**PROBLEM DESCRIPTION**: Without copying any pictures, restate exactly the lines from the start of the records through the line containing "- Set of 2 handmade, double-wall".

Records excerpted from a collection
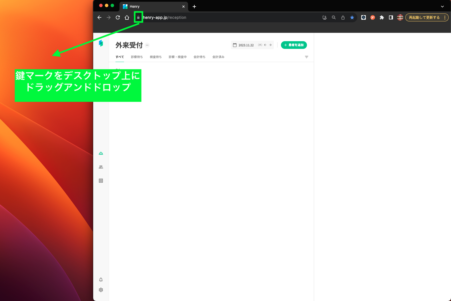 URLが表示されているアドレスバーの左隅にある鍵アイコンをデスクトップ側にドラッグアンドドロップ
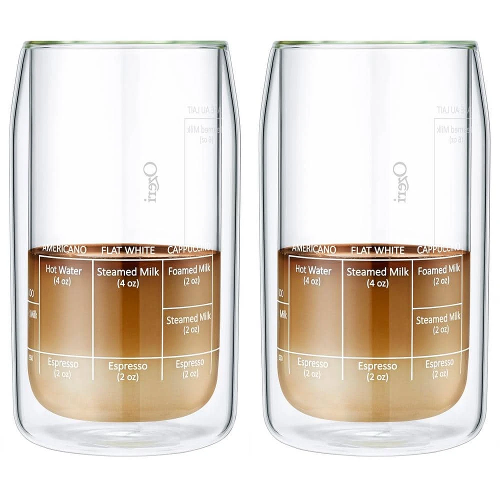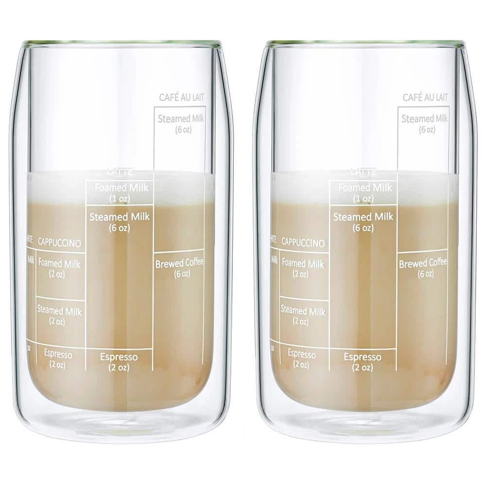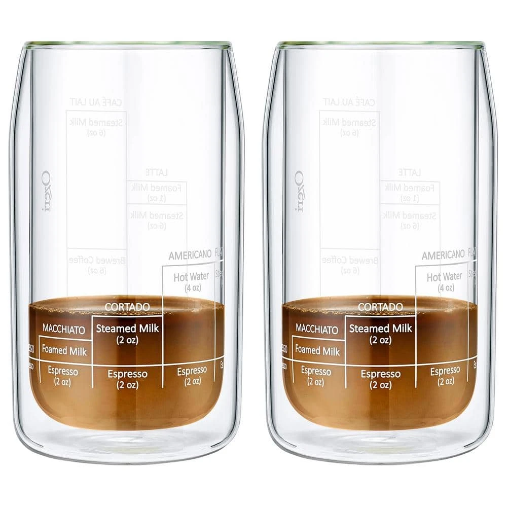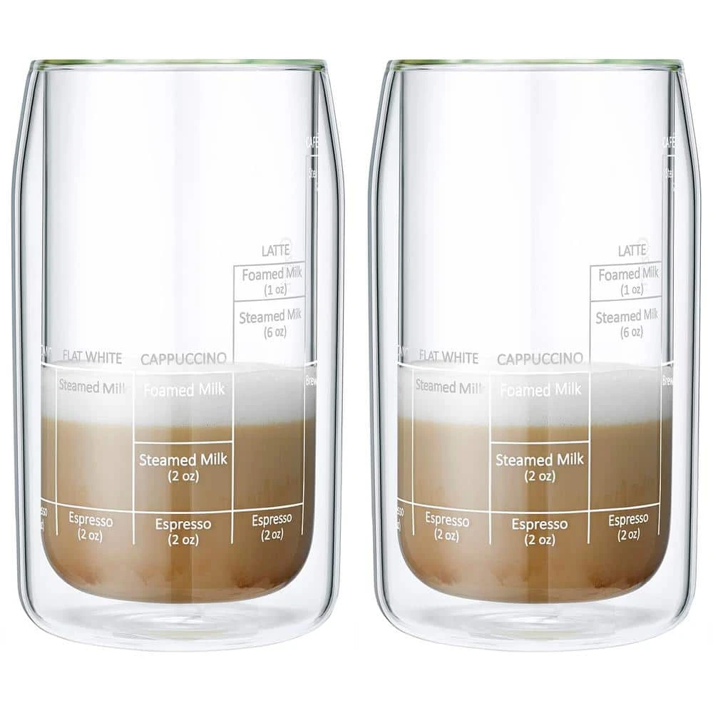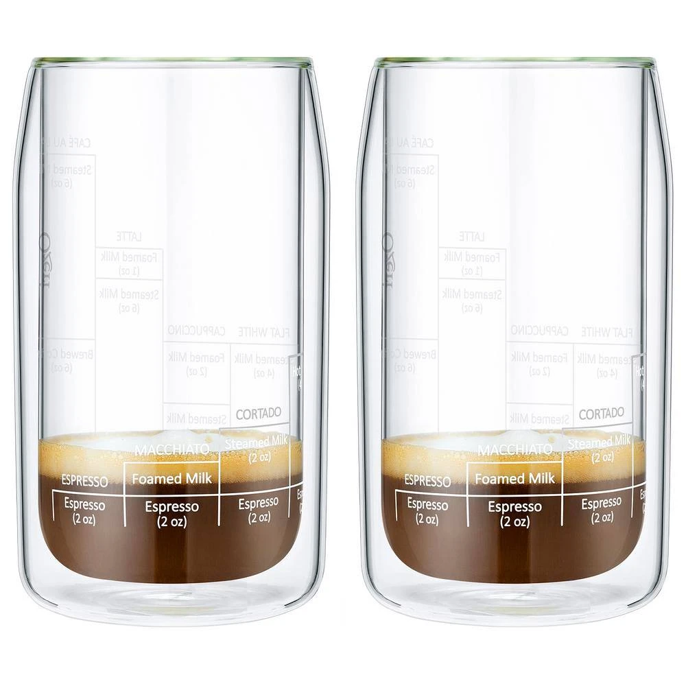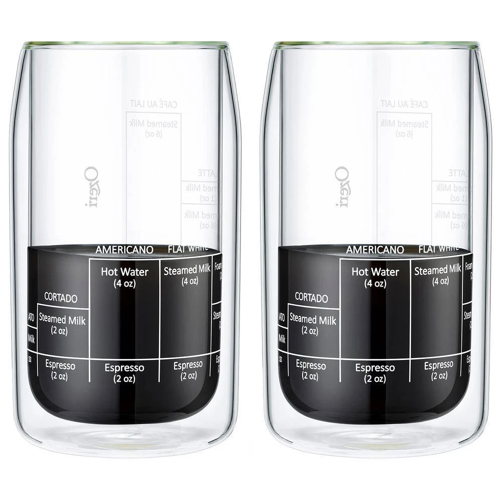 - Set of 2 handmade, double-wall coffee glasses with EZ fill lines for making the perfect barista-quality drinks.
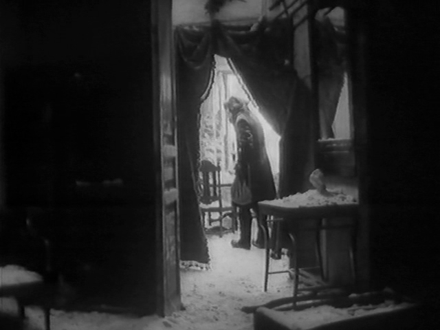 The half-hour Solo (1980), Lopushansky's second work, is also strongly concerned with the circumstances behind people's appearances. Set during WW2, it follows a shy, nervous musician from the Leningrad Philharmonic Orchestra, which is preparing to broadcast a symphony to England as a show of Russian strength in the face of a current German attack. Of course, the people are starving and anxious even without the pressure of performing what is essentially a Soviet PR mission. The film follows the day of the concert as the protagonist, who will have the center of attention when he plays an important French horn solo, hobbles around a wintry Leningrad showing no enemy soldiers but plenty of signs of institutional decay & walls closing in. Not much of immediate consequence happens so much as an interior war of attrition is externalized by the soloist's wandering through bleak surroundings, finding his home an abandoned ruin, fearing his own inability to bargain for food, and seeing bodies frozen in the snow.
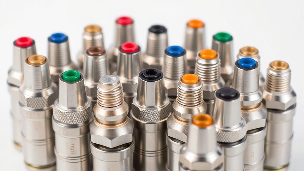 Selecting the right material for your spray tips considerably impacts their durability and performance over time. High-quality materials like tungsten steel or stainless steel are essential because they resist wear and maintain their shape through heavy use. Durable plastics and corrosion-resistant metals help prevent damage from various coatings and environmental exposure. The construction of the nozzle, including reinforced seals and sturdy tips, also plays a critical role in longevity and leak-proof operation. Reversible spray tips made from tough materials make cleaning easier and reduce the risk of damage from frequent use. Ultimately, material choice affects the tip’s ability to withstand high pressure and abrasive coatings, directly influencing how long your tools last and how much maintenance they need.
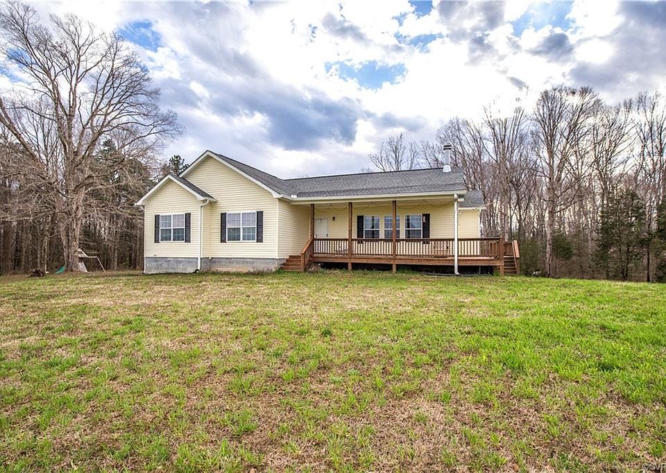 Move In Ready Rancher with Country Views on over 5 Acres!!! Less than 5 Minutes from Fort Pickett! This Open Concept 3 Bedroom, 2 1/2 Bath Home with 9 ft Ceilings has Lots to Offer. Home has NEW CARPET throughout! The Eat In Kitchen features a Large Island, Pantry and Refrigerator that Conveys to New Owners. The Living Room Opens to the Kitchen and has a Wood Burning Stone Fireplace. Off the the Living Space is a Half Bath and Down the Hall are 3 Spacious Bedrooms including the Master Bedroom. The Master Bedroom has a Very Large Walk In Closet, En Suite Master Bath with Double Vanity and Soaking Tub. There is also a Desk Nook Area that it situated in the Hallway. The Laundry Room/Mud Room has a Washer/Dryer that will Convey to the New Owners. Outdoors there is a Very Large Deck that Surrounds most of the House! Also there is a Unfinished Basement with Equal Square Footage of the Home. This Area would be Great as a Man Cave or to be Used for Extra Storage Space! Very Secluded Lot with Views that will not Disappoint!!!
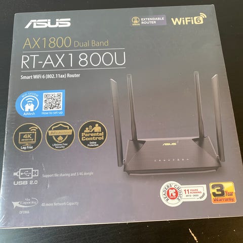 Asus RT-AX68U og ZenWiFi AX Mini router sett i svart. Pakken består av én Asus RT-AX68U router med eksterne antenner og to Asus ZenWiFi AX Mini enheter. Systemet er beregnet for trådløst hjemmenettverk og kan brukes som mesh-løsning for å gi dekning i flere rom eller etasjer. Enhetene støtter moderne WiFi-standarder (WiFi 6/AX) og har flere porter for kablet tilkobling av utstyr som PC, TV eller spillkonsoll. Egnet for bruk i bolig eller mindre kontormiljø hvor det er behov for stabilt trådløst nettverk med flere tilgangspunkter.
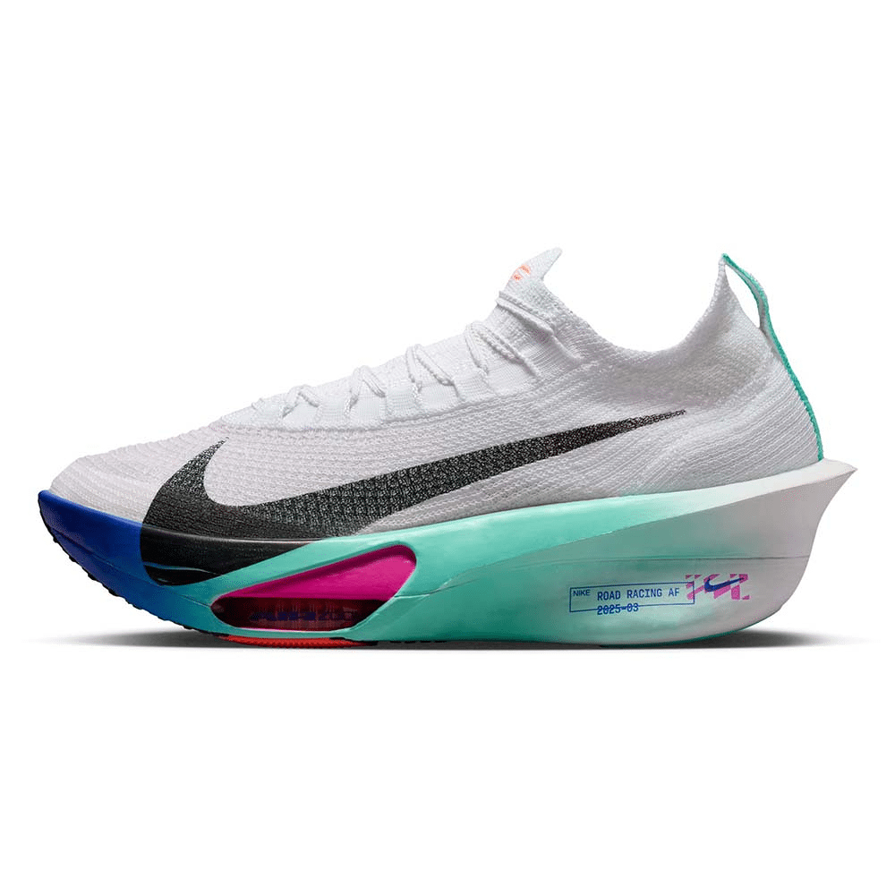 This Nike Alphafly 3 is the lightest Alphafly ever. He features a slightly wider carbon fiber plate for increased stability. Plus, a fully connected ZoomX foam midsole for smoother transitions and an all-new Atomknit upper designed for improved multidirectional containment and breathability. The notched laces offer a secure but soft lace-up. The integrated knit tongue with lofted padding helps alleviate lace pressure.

**ANSWER TO THIS TASK**:
 URLが表示されているアドレスバーの左隅にある鍵アイコンをデスクトップ側にドラッグアンドドロップ
 - Set of 2 handmade, double-wall coffee glasses with EZ fill lines for making the perfect barista-quality drinks.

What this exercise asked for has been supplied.